* [Available data]:
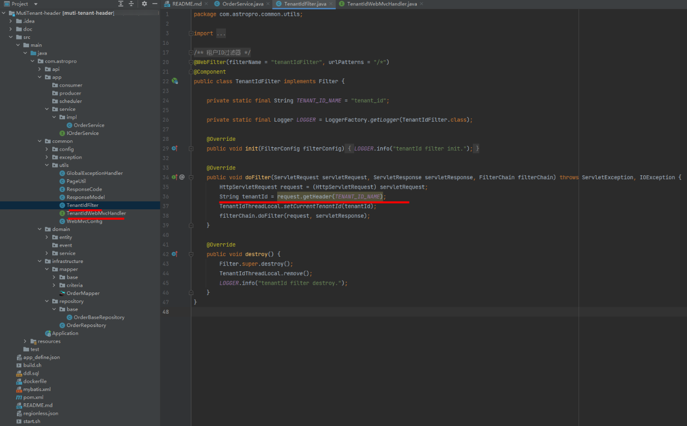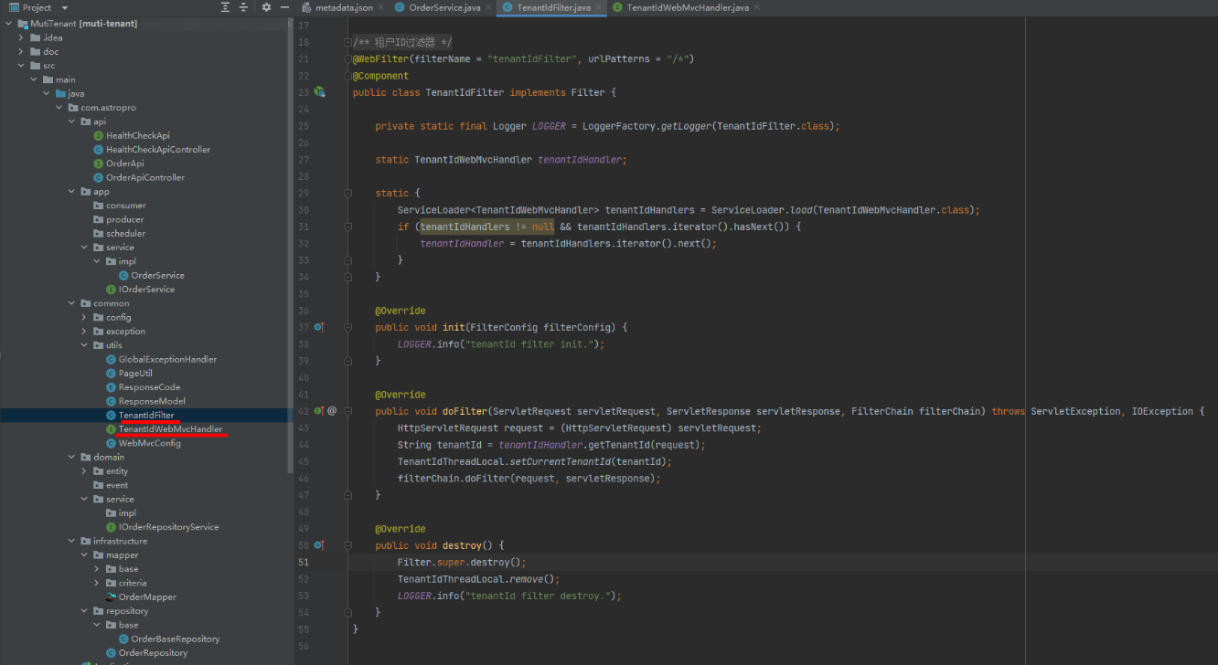 - TenantIdFilter:用于将租户信息设置到线程变量中的过滤器。
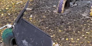 На відео, опублікованих у соцмережах, видно уламок ударного дрона типу "Шахед". БпЛА частково зруйнував літній павільйон на території дитячого садка.
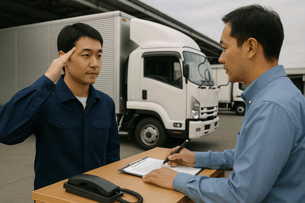 「お疲れ様です!安全第一で行ってきます!」

* [Work request]: Leave the images out. Set down all of the material above exactly.

* [Response to this task]:
 - TenantIdFilter:用于将租户信息设置到线程变量中的过滤器。
 На відео, опублікованих у соцмережах, видно уламок ударного дрона типу "Шахед". БпЛА частково зруйнував літній павільйон на території дитячого садка.
 「お疲れ様です!安全第一で行ってきます!」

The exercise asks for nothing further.